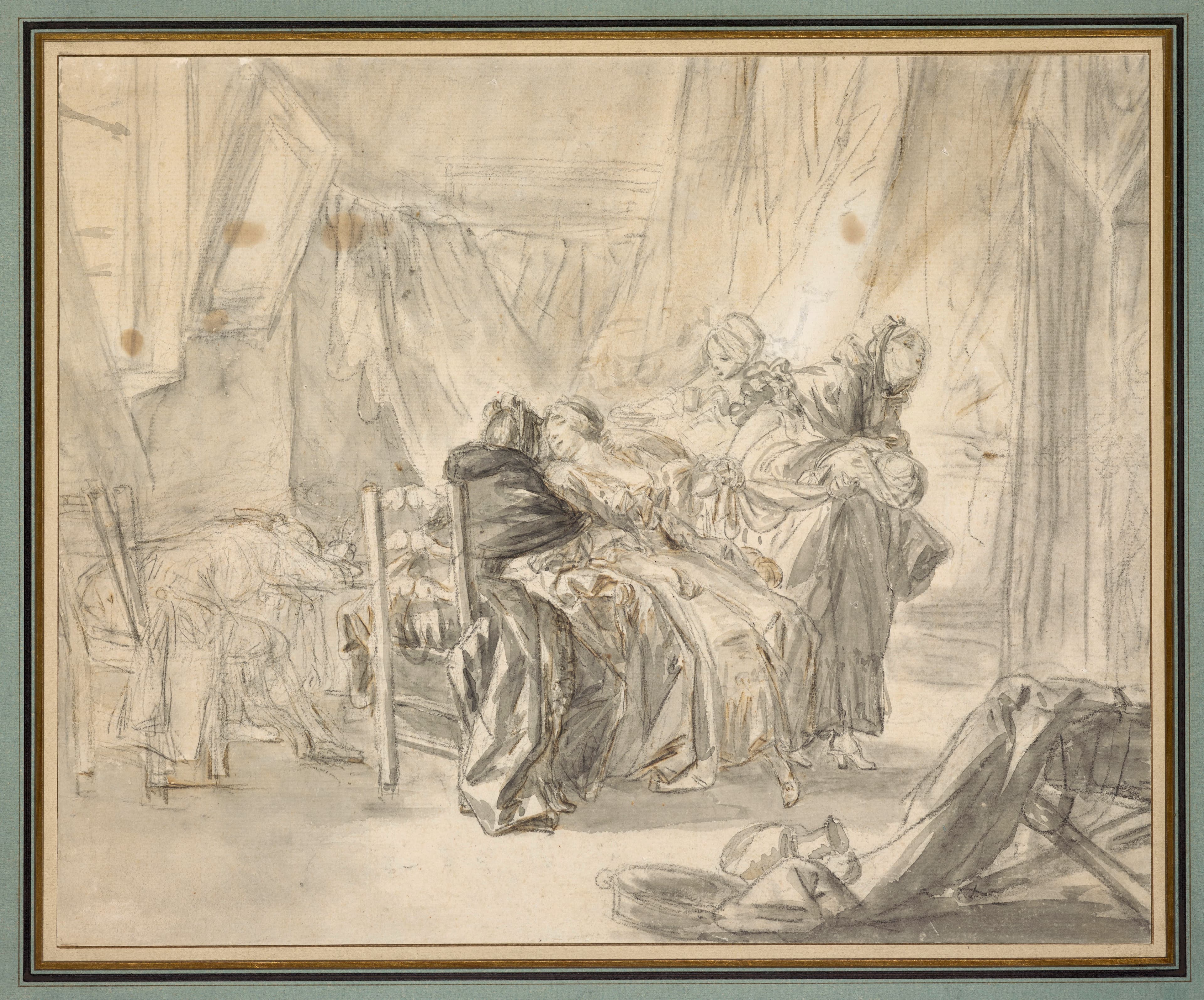 scène (pièce d'habitation, homme, femme, évanouissement, serviteur, désespoir, grossesse, ?)
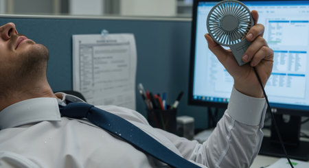 Man enjoying cool breeze from fan in bright office during extremely hot weather conditions
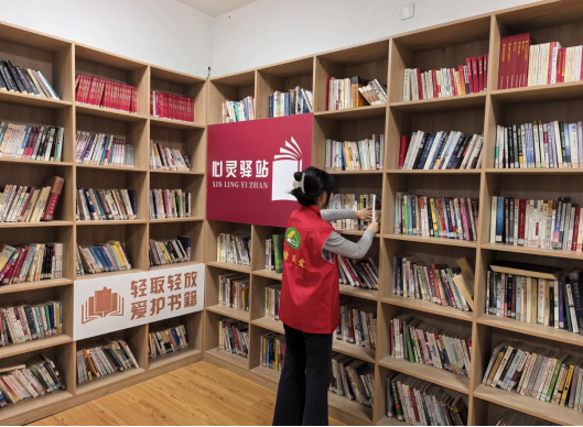 文化服务,书香传递爱心力量。财管251刘亚男报名参与社区“心灵驿站”图书馆志愿服务,承担图书归位、读者引导与图书消毒等工作。她发现许多小读者对雷锋故事感兴趣,便利用馆内多媒体设备播放雷锋主题动画片,引导孩子们阅读相关绘本。她还主动为老年人快速定位养生类书籍,耐心讲解分类方法,让书香与爱心一同延伸。在服务中她体会到“雷锋精神并非宏大叙事,是每一次耐心指引、每一个暖心的微笑”。
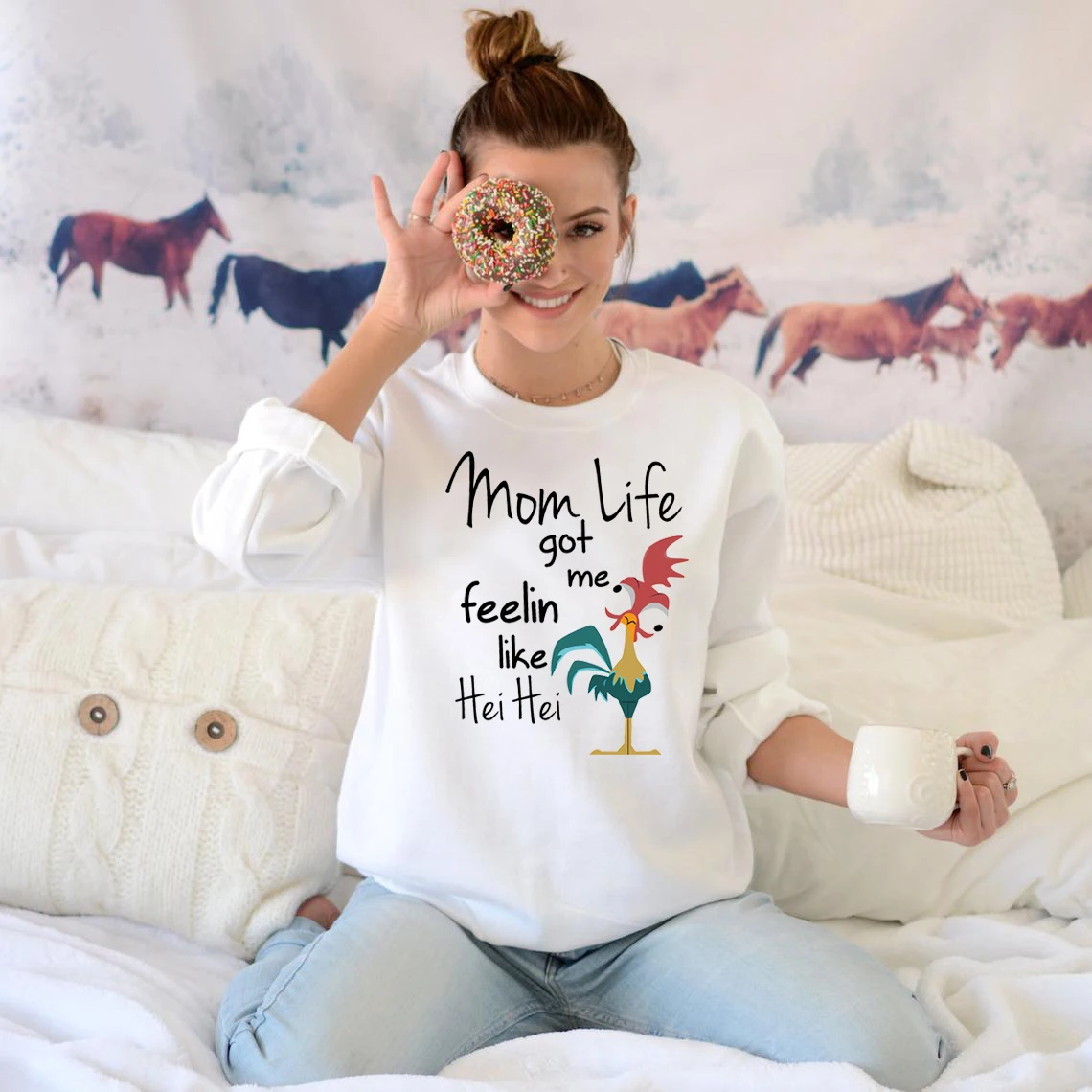 Женский свитшот с графическим принтом Hei, Пуловеры с круглым вырезом и мультяшным принтом для мамы, жизнь, мне нравится, Hei
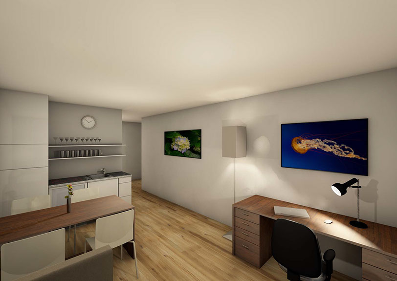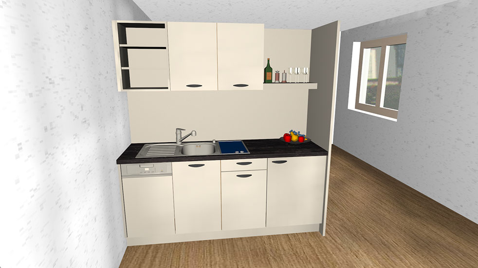 Durch die geschickte Anordnung eines raumteilenden Funktionsmöbels entstehen zwei separate Raumnischen zum Schlafen und Wohnen. Dadurch ist eine Vielzahl unterschiedlicher Wohnbedürfnisse individuell gestaltbar und kann, je nach persönlichen Vorlieben, ergänzt und genutzt werden.
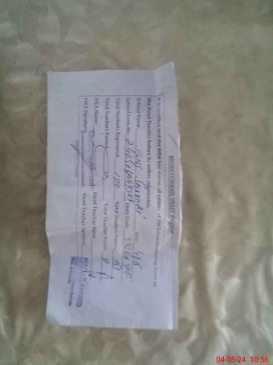 | Attendance Register | Head Teacher | MEA with School | Visit Proof |

————————

WHAT THE TASK ASKS -> Restate the preceding entries in full, word for word, with the pictures removed.

SOLUTION TO THIS EXERCISE ->
 scène (pièce d'habitation, homme, femme, évanouissement, serviteur, désespoir, grossesse, ?)
 Man enjoying cool breeze from fan in bright office during extremely hot weather conditions
 文化服务,书香传递爱心力量。财管251刘亚男报名参与社区“心灵驿站”图书馆志愿服务,承担图书归位、读者引导与图书消毒等工作。她发现许多小读者对雷锋故事感兴趣,便利用馆内多媒体设备播放雷锋主题动画片,引导孩子们阅读相关绘本。她还主动为老年人快速定位养生类书籍,耐心讲解分类方法,让书香与爱心一同延伸。在服务中她体会到“雷锋精神并非宏大叙事,是每一次耐心指引、每一个暖心的微笑”。
 Женский свитшот с графическим принтом Hei, Пуловеры с круглым вырезом и мультяшным принтом для мамы, жизнь, мне нравится, Hei
 Durch die geschickte Anordnung eines raumteilenden Funktionsmöbels entstehen zwei separate Raumnischen zum Schlafen und Wohnen. Dadurch ist eine Vielzahl unterschiedlicher Wohnbedürfnisse individuell gestaltbar und kann, je nach persönlichen Vorlieben, ergänzt und genutzt werden.
 | Attendance Register | Head Teacher | MEA with School | Visit Proof |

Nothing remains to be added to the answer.